Очень мило с его стороны, подумала она и закрыла глаза. Она снова открыла глаза — да, он все еще сидел. Она опять закрыла глаза и попыталась заснуть. Но не смогла. Не сразу. Она подумала об отце, вспомнила, как он терся об нее, и содрогнулась. Даже сами воспоминания об этом были ужасными, непристойными. И потом вдруг странным образом все стало на свои места. Отец и Элейн. Отец и Джослин. И несчастье с Карлоттой — ее самоубийство, и эта Нони… Для нее теперь все было ясно, как Божий день. Какая разница, что он ей отец. Он был просто очередным похотливым грубым мужиком. Как Тони. Как Денвер Джеймс. Как… Но какой смысл перечислять их всех. Все они похожи друг на друга.

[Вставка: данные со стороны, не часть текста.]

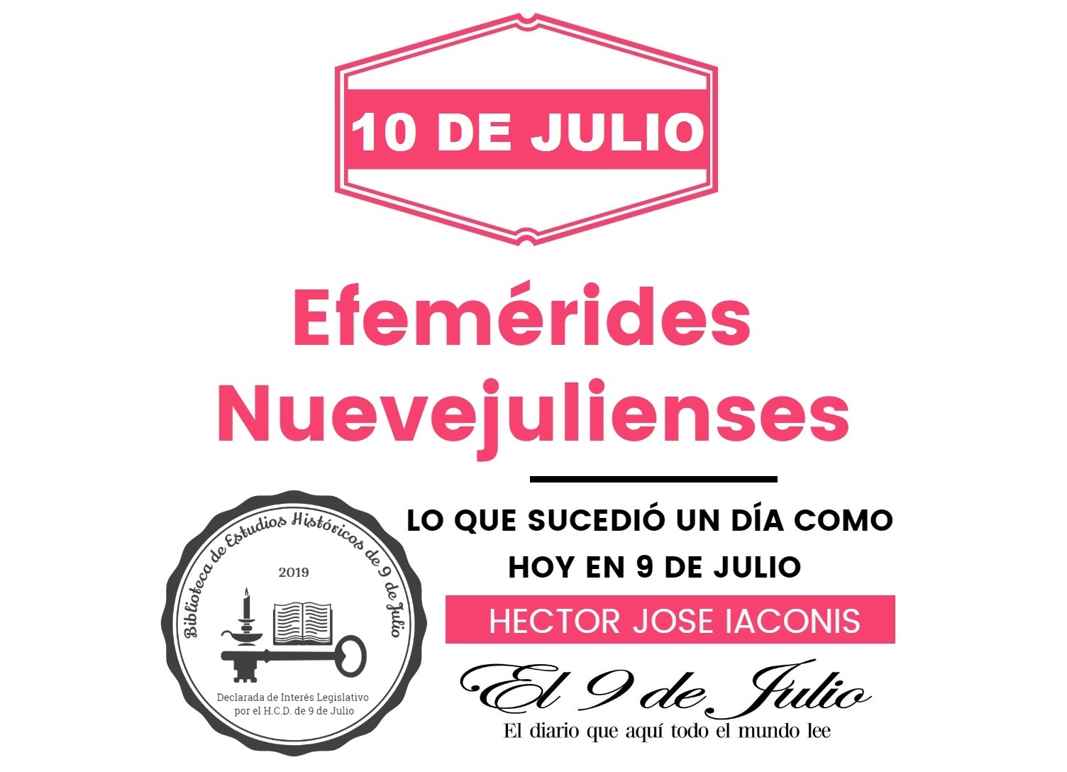 - 10 de julio de 1905: Falleció en Buenos Aires el mayor Guerrino Greni. En 1868 había pasado a revistar en la Frontera Oeste, con asiento en 9 de Julio. Enseguida se vinculó a la pequeña sociedad nuevejuliense del naciente pueblo. En febrero de 1876 fue elegido consejero municipal titular para la Corporación Municipal de 9 de Julio. En 1877 fue consejero escolar de 9 de Julio y, ese mismo año, fue nombrado para integrar el Juris sobre clasificaciones de patentes en 9 de Julio.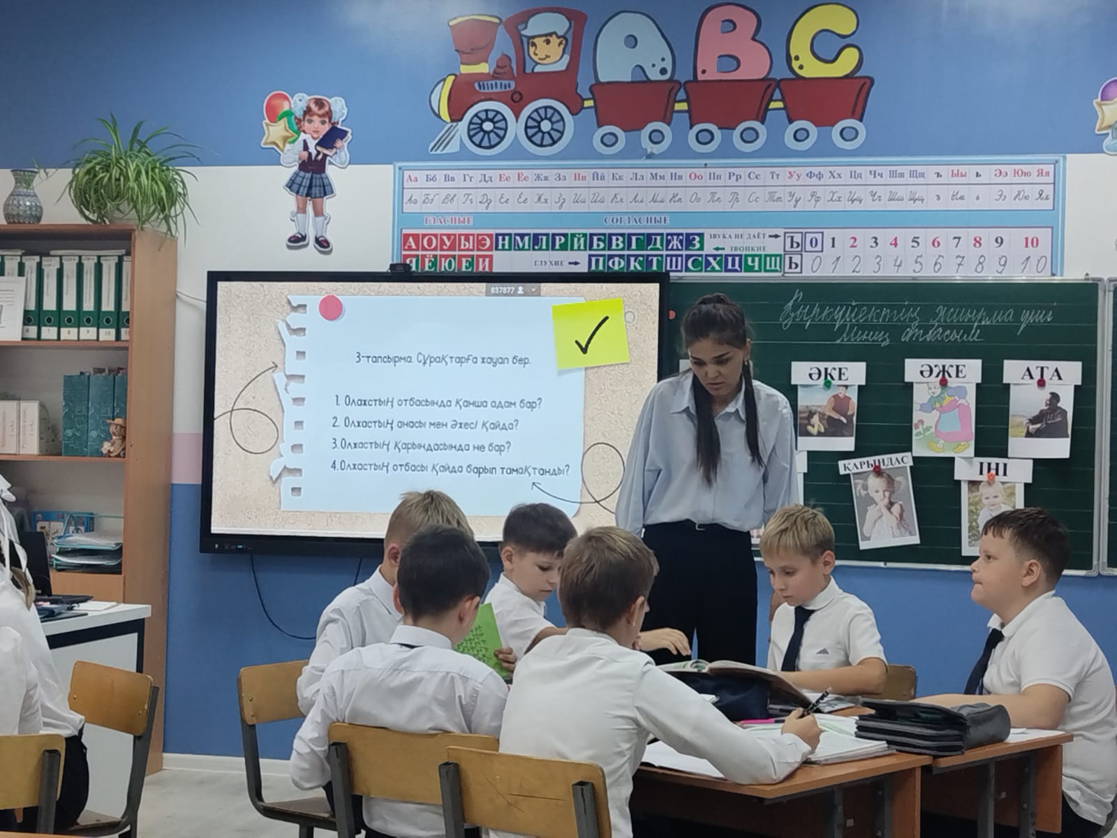 В рамках недели казахского языка и литературы под девизом "Мемлекеттік тіл – менің тілім" 23 сентября был проведён открытый урок в 4 "В" классе на тему "Моя семья".

Вежливые, ласковые, заботливые, которых интересовала только ее способность быть батарейкой для их пенисов. Все они больны. Уотерс и Клайнсингер, Гринделл и теперь вот, вероятно, Каррера. Она приоткрыла глаза и сквозь ресницы увидела во тьме огонек его сигареты. Она вспомнила предупреждение Гринделла о том, что он болен, что он извращенец. Но болезнь и извращенность научили его вежливости, учтивости, состраданию.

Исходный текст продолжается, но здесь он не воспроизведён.